Alan David Schwartz is an American businessman and is the executive chairman of Guggenheim Partners, an investment banking firm based in Chicago and New York City. He was previously the last president and chief executive officer of Bear Stearns when the Federal Reserve Bank of New York forced its March 2008 acquisition by JPMorgan Chase & Co.
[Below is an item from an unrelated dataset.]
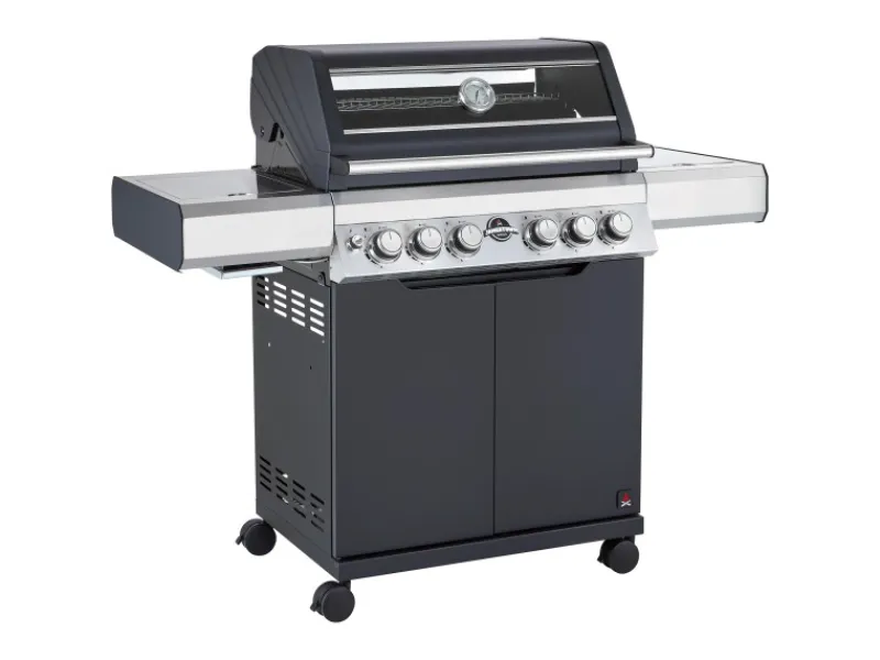 Die hochwertigen Edelstahlbrenner lassen sich Piezo-Zündung schnell entzünden und erreichen insgesamt eine Leistung von 20,5 kW. Die Brenner kannst du getrennt voneinander regulieren, sodass du auch nur eine Seite der Grillfläche mit direkter Hitze versorgst. Bei geschlossenem Deckel kannst du dann auch indirekt grillen. Die 6 beleuchteten Bedienknöpfe sind nicht nur ein absoluter Blickfang, sondern zeigen dir auch an, welche Brenner entzündet sind. Das Deckelthermometer zeigt dir die Hitze im Garraum an. Durch den Glaseinsatz im Deckel kannst du jederzeit nach deinem Fleisch schauen, ohne den Deckel öffnen zu müssen. So nimmst du keine Temperaturverluste in Kauf.

==Early life and education==
Born in Bay Ridge, Brooklyn, he is the son of a Jewish traveling salesman and Presbyterian housewife from Kansas. Schwartz is a 1972 graduate of Duke University. There he pitched on the baseball team as a scholarship athlete, making the ACC academic honor roll three times. He was drafted as a pitcher by the Cincinnati Reds but never reported due to an injury.

==Career==
Alan Schwartz joined Bear Stearns in 1976, first working in Dallas. In 1979, he was appointed the director of research and investment in New York City. In 1985, he became executive vice president and head of Bear Stearns' Investment Banking Division. He became Co-President and Co-COO on June 25, 2001. Schwartz became sole President and COO in August 2007 after Warren Spector (the original heir-apparent to Chairman and CEO Jimmy Cayne) was forced to resign in the wake of the collapse of two hedge funds, which foreshadowed the upcoming subprime mortgage crisis and financial meltdown. Schwartz became CEO in January 2008.

When Schwartz became CEO, Bear Stearns stock traded around $75 per share; however, the share price continued to drop as the financial crisis worsened over 2007-08. Within a week of its near collapse and merger with JPMorgan Chase on March 16, 2008, the shares were trading at $5.33 per share. After the deal with JPMorgan was announced, the fire sale price of the stock prompted a reportedly angry confrontation between Schwartz and senior trader Alan Mintz in the company gym. Schwartz stayed on with JPMorgan for a short while to manage the transition but declined a permanent senior position with the firm. Schwartz also turned down offers from rival investment banks Goldman Sachs and Morgan Stanley.

In June 2009, Schwartz became executive chairman of Guggenheim Partners, an investment banking firm based in Chicago and New York. According to Schwartz, the new job meant "fate has dealt [him] an opportunity to start from scratch." Schwartz is also the chairman of the Board of Visitors at the Fuqua School of Business at Duke and is a trustee on the Duke University Board of Trustees. In 1994, Schwartz was elected to the Common Cause National Governing Board.

In 2006, he was a founding board member of the Robin Hood Foundation.

==Personal life==
Schwartz resides in Greenwich, Connecticut, with his wife, Nancy Seaman, chairman of Houlihan Lawrence Realty Corporation. They have five children.